I think he quoted me over $200 lol



> Hey Man,
> 
> Yeah, it's still for sale... It's £100, which is, wait a second... $200 USD...
> 
> Don't know if you're still interested?
> 
> Danny[quote/]


----------



## Joe2005

$200 bucks, to frikking much escpecially with shipping overseas and all.  

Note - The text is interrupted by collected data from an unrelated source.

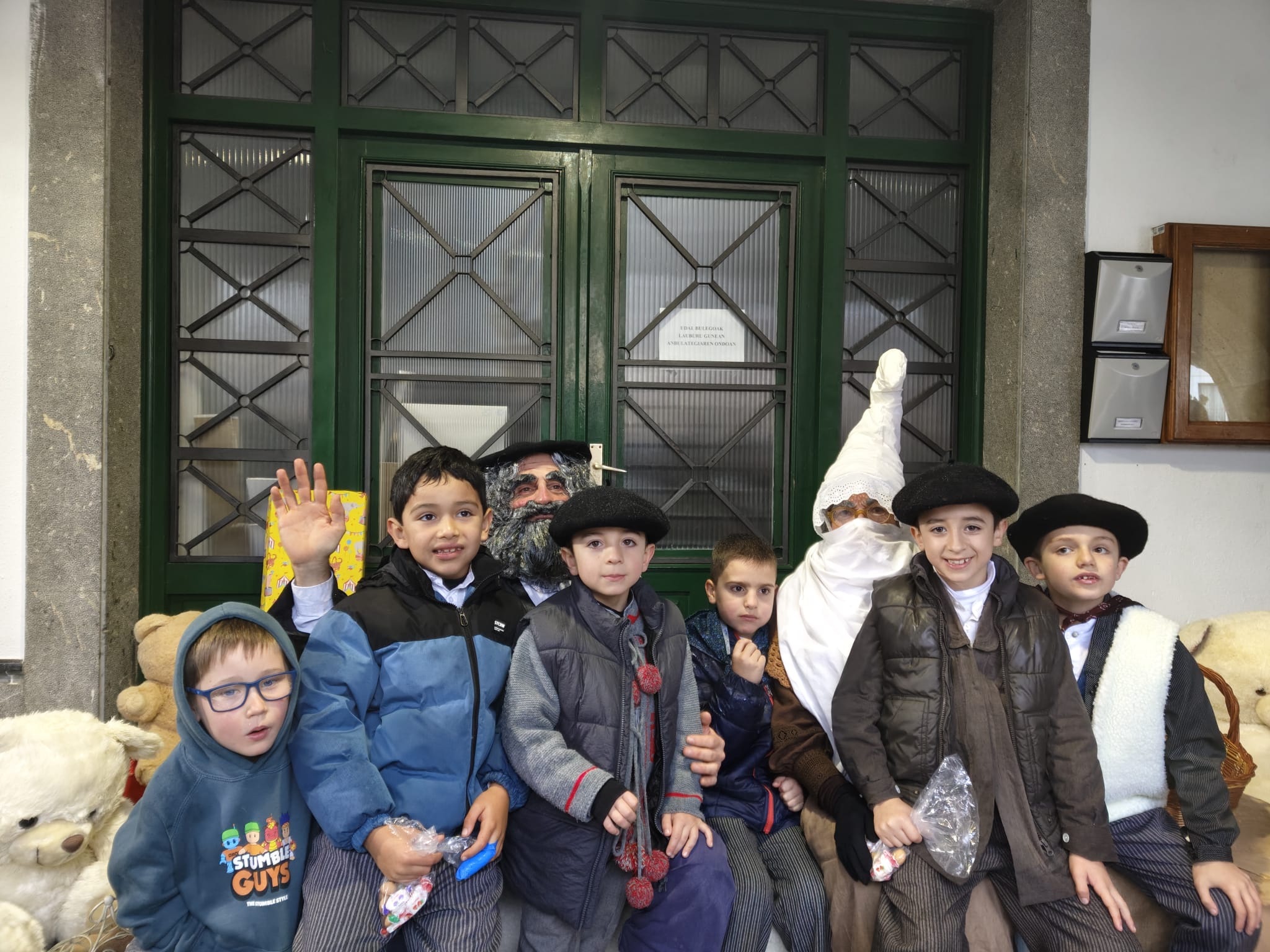 Goizean goizetik Gabon giroa nagusitu da Azkoitian. Euriak ez du itzali kantuan egiteko gogoa, eta hainbat lagun talde, haurrek eta nerabeek osatutakoak batez ere, Gabon eskean aritu dira. Poliki-poliki, elizaren arkupeetan hainbat familiek osatu duten ilara luzatzen joan da, eta trikiti doinuen atzetik iritsi dira, eguerdian, Olentzero eta Mari Domingi. Ikazkinek herriko haurren gutunak jaso dituzte, eta trukean, gozokiz bete dituzte haien patrikak.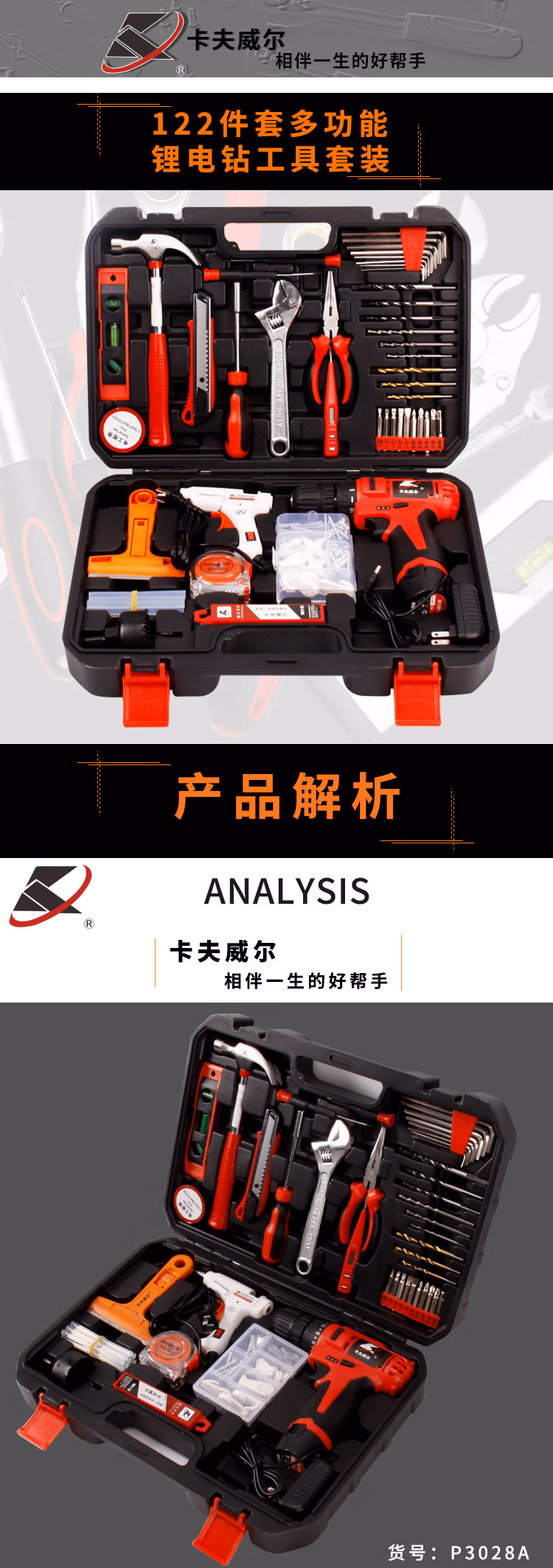 包装清单  :   卡夫威尔 122件套锂电钻套装日常家用工具箱套装手电钻工具组套 P3028A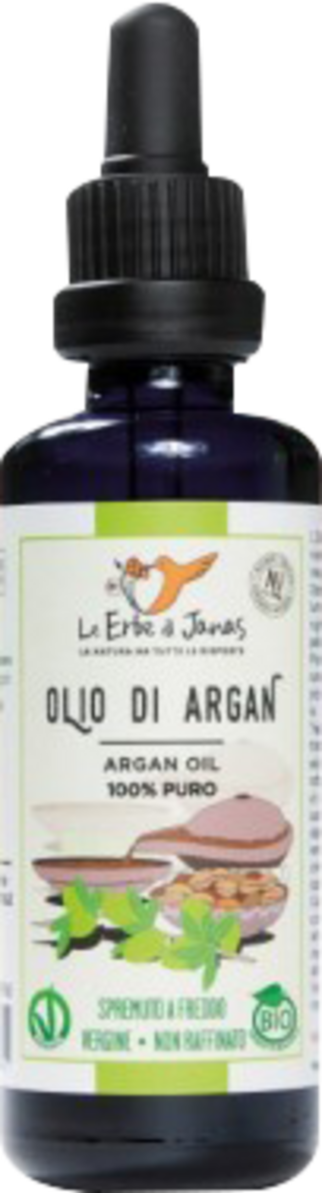 Arganoljen fra Le Erbe di Janas er et rent, kaldpresset naturprodukt, rikt på antioksidanter, vitaminer, essensielle fettsyrer, karotenoider samt andre sekundære planteforbindelser. Som et naturlig skjønnhetsprodukt beskytter oljen huden mot for tidlig (også lysindusert) aldring og reduserer fremkomsten av fine linjer. Den forbedrer hudens elastisitet, har vitaliserende egenskaper og hjelper til med å pleie strekkmerker. Samtidig nærer den hud, negler og hår. I tillegg til en høy andel av antioksidanten vitamin E, inneholder arganolje også hudpleiende og beskyttende naturlig skvalan.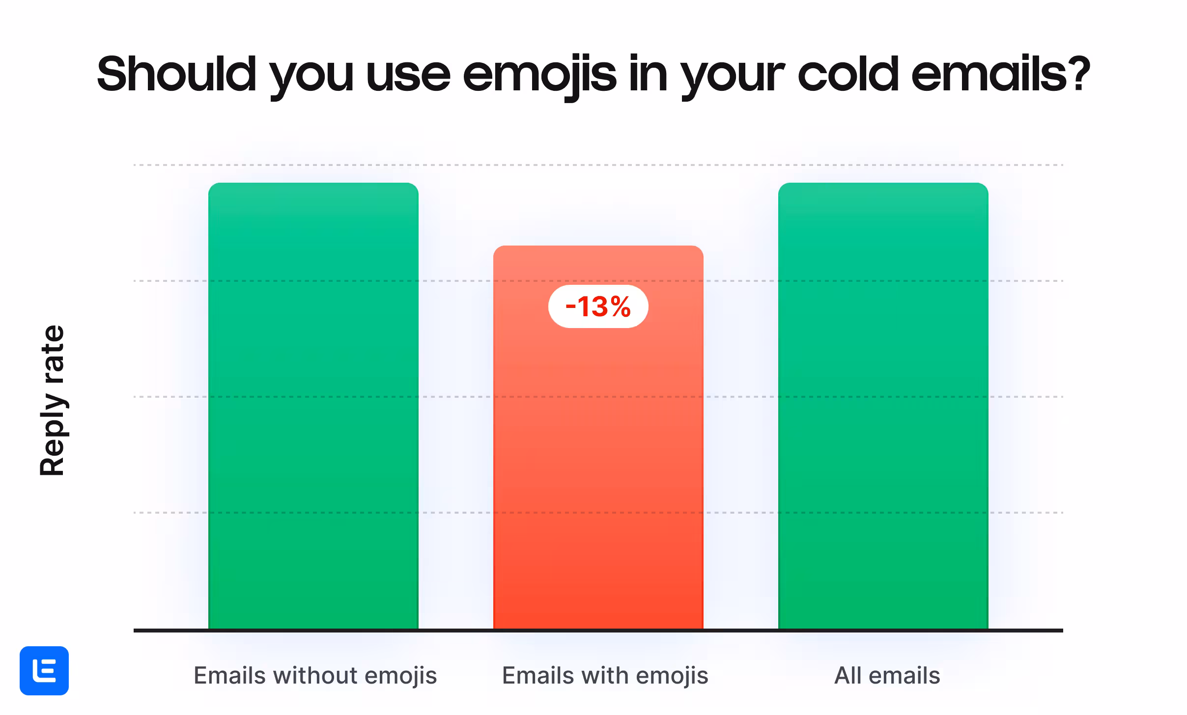When we analyzed the average reply rates of emails with and without emojis, we found that emails with emojis got an average of 13% lower reply rates.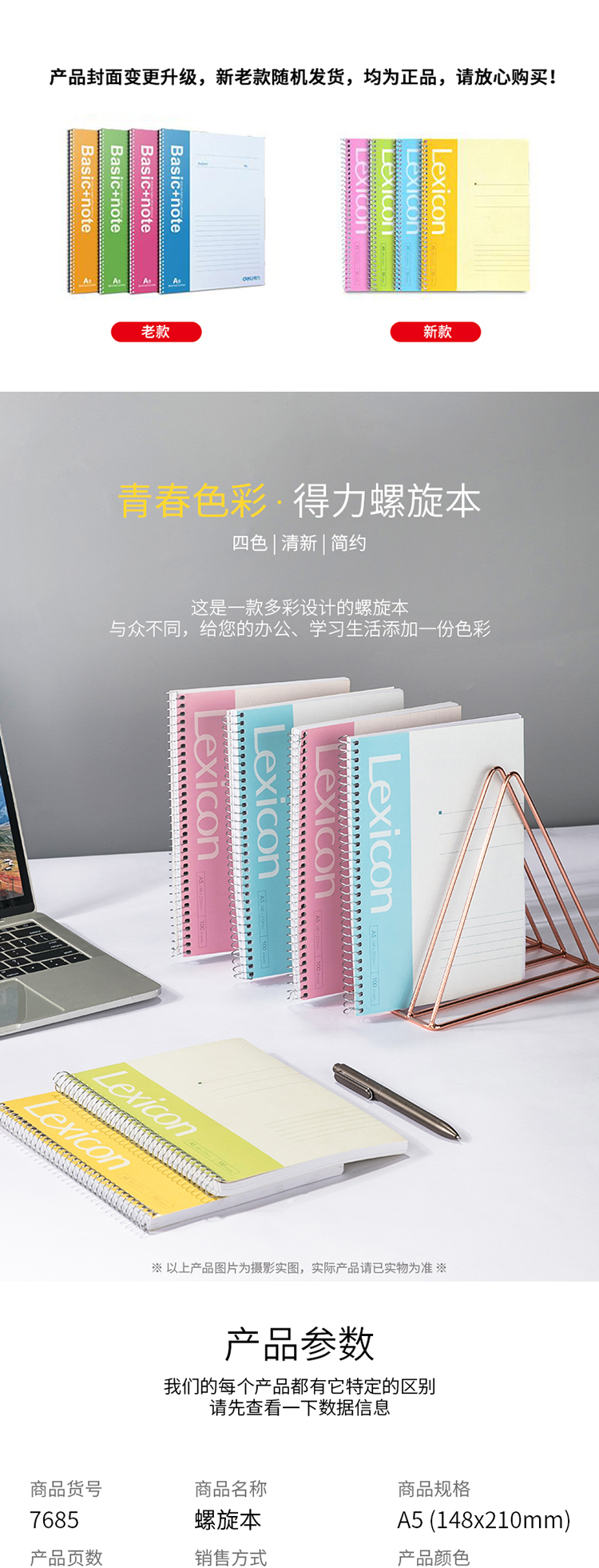得力 7685 螺旋裝訂本 A5 混色 100頁

No wonder why it hasn't sold.


----------



## Shane

Joe2005 said:


> $200 bucks, to frikking much escpecially with shipping overseas and all.
> 
> No wonder why it hasn't sold.



Yeah unfortunately  it would proably cost alot to ship but things cost alot more over here in the uk to buy with our rediculas V.A.T

i dont think £100 for a 7950GT is bad considering how good the card is.


----------



## lovely?

well considering an EVGA 7950 sells for 200$ on ebay, and electronics are more expensive over the pond, its not such a bad deal


----------



## Kornowski

Yeah, Exactly!

It's a great deal, anybody?


----------



## Kornowski

Bump! 

Would make a great Christmas present, to yourself!


----------



## spanky

Just keep it. You'll never know when it'll come in handy


----------



## Shane

theresthatguy said:


> Just keep it. You'll never know when it'll come in handy



yeah but he probably wants the money to go towards his 8800GT


----------



## Cleric7x9

actually it sells for $169.99US new on newegg after rebates


----------



## Kornowski

> Just keep it. You'll never know when it'll come in handy





> yeah but he probably wants the money to go towards his 8800GT



Yeah! 



> actually it sells for $169.99US new on newegg after rebates



Everything is much more expensive in the UK...


----------



## Jabes

did you try ebay yet?


----------



## Kornowski

Nah, I haven't yet, I'm actually going to make an account today, but I'm not 18 yet, so I can't use PayPal, it'd have to be a cheque. 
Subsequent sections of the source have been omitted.